ALPER TEMİZ - Sokak köpeklerinin uyutulmasına yönelik hazırlanan ve TBMM'ye sunulacak olan tasarı, pozitif hukuk, etik ve Anadolu kültürünün ilerlediği noktaya dair çarpıcı detaylar sunuyor. Konunun tartışılması dahi, toplumun büyük bir kesimi tarafından ayıplanırken, tartışmalar, geçmişe dönük olarak da farklı boyutlara evriliyor.

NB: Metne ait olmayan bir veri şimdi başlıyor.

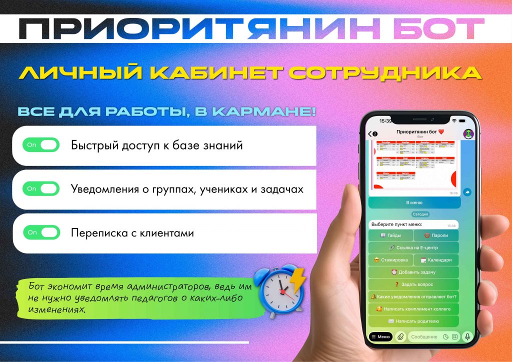 У нас также есть ТГ-бот для сотрудников, который уведомляет их о любых изменениях в CRM и дает быстрый доступ к базе знаний.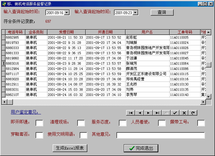 裝、移機服務(wù)監(jiān)督回訪實例: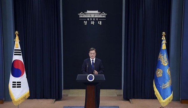 5月10日,在韩国首尔青瓦台,韩国总统文在寅发表就职三周年特别讲话。 韩国总统文在寅10日发表就职三周年特别讲话时表示,韩国政府将进一步完善防疫体系,增强传染病应对力量。 新华社发(青瓦台供图)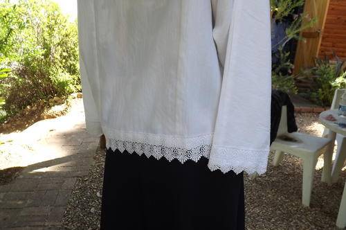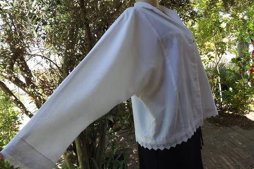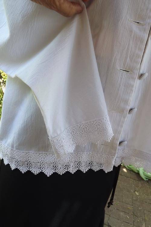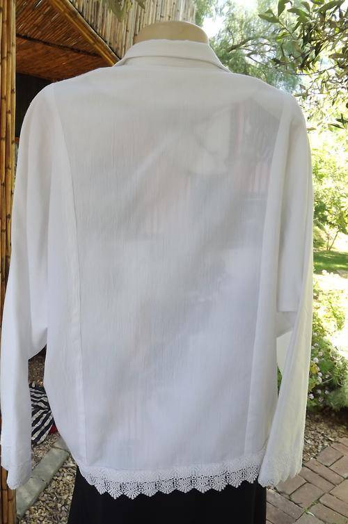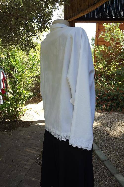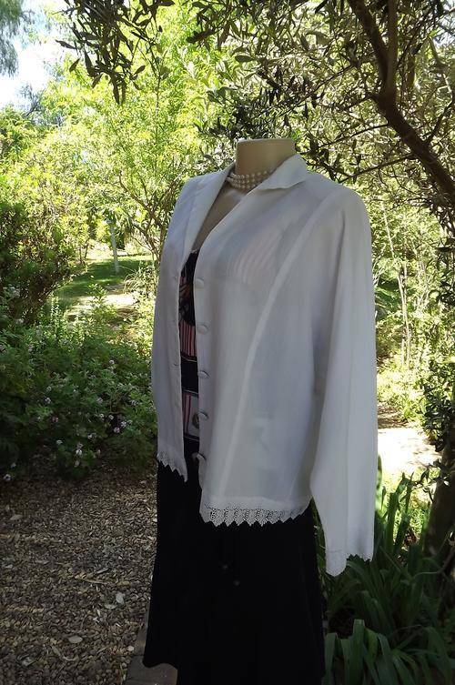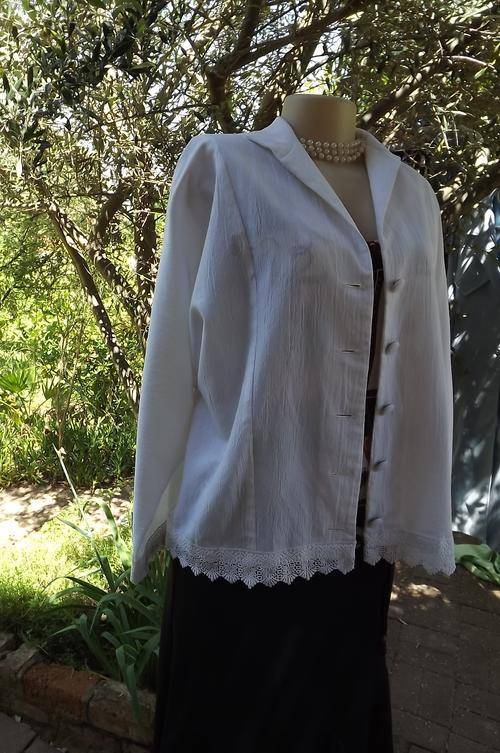 White button down jacket/top with dolman sleeves.Size 40/16.Made by previous owner.In creased textured cotton fabric.Fabric covered buttons.Lace decored on cuffs and seam.Good condition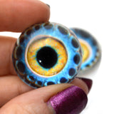 These handmade, hemisphere glass kraken eyes depict realistic, bright blue and yellow, tentacle decorated irises straight from the depths of the ocean.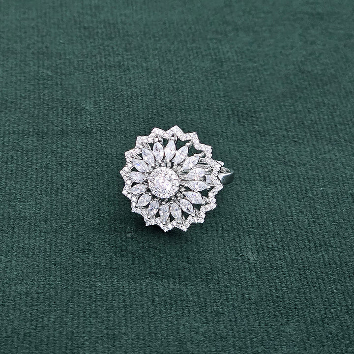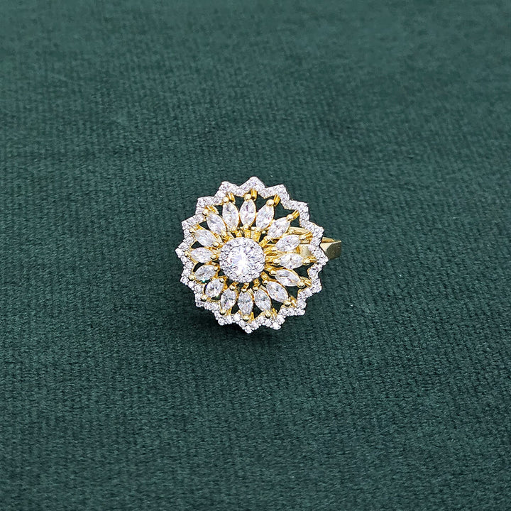 Weight: 6.0 Grams, Height = 20 mm || Width = 20 mm,Adjustable Ring,2 Tone Plating,Rhodium Plating,American Diamond Ring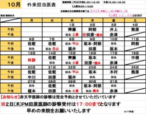 【 外来担当医師の診療スケジュール:10月 】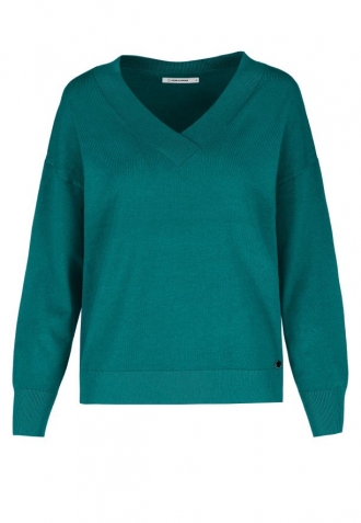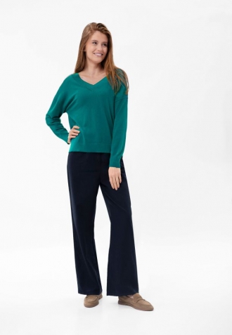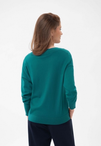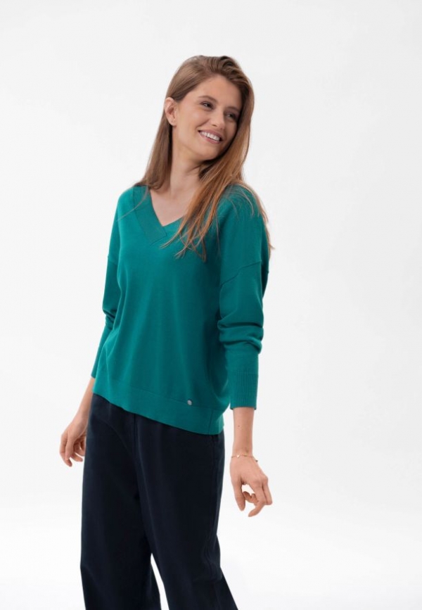 Dámský svetr S-JOY volného střihu v základním provedení. Krátký střih zvýrazňuje siluetu, zatímco hladký úplet působí decentním, minimalistickým dojmem. Díky střihu Comfort Fit svetr poskytuje volnost pohybu a pohodlí, takže je ideální pro každodenní nošení. Výstřih do V zakončený žebrovaným lemem dodává svetru elegantní vzhled.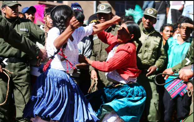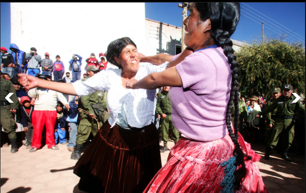 Bolivian men and women in violent harvest festival punch up, in pictures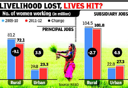 Boost manufacturing with a focus on SME’s: Women’s employment has taken an alarming dip in rural areas in the past two years, a government survey has revealed. In jobs that are done for ‘the major part of the year’, rural women lost a staggering 9.1 million jobs. This emerges from comparing employment data of two consecutive surveys conducted by the National Sample Survey Organization (NSSO) in 2009-10 and 2011-12. NDA, during 1999-2004, 60.7 million jobs were created while UPA Government, during 2004-2009, created only 2.7 million jobs. (Data source: National Sample Survey Office).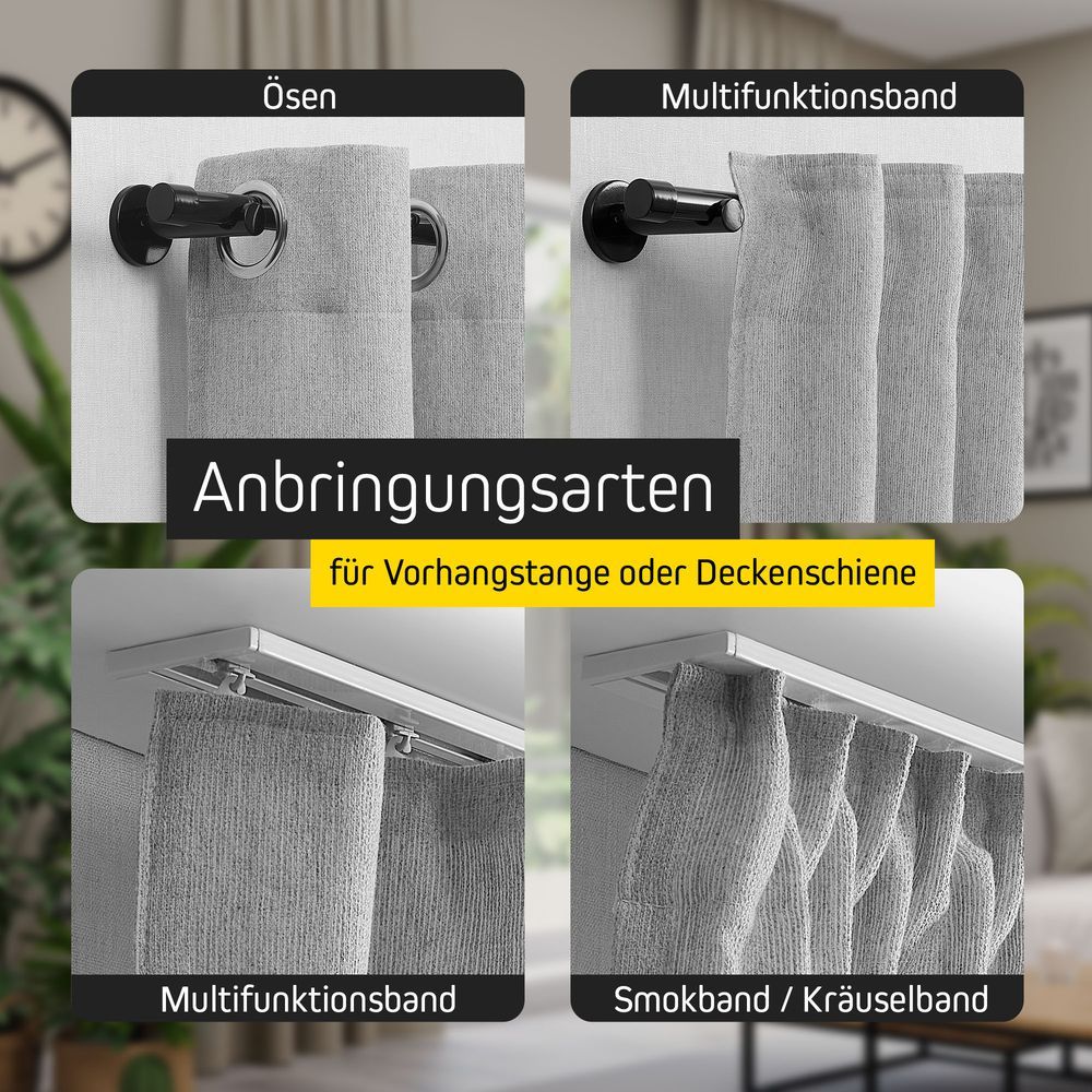 | Aufhängungsart: | Kräuselband, Multifunktionsband, smokeband, Ösen |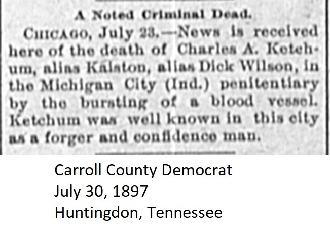 Carroll County Democrat 1897 Newspaper Clippings, Surnames J-L Carroll County, TNGenWeb Images may not display in alphabetical order. Use the Back and Next buttons below the image window to navigate. Ketchum-Charles-A._Carroll-County-Democrat-July-30-1897-Huntingdon-Tennessee Image 17 of 35
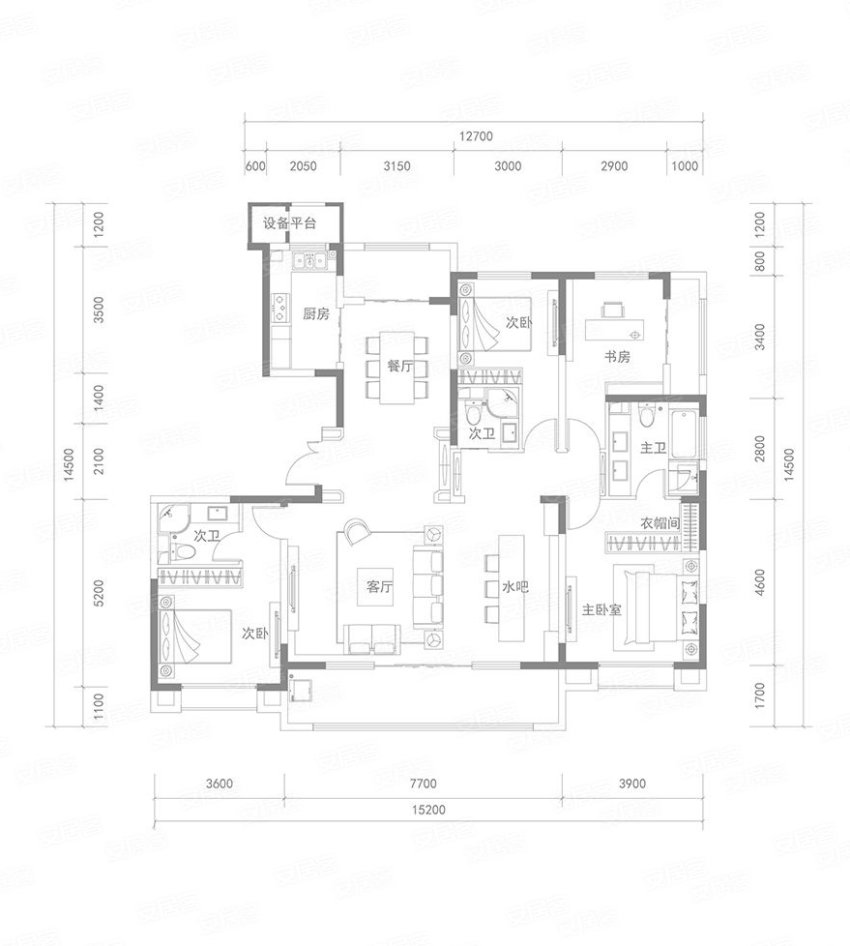 4室2廳3衛(wèi) 193平米

30 yıllık imamlık döneminde, 10 yıl boyunca tarikat ve cemaatlerde görev alan ve “Allah’ı Arayan İmam”, “Labirentten  Çıkış”, "Sonsuza Uzanan Hayatlar" ve "Gökte Açılan Kapı Alfa" adlı kitaplarla Türkiye'de büyük yankı uyandıran Mehmet Tekeci, 'uyutma' konusuna dair Son Mühür'e çarpıcı açıklamalarda bulundu. İlahiyat çevresinin, sokak köpeklerinin uyutulması tartışmasına dair büründüğü suskunluk ile geçmişte başka ülkelerde yaşanan hayvan katliamları hakkında yine aynı çevreden gelen tepkileri karşılaştıran Mehmet Tekeci, "Dini ikiyüzlülüğün en somut ve en çarpıcı örneğiyle yüz yüzeyiz, hatta doruk noktasındayız" diyor.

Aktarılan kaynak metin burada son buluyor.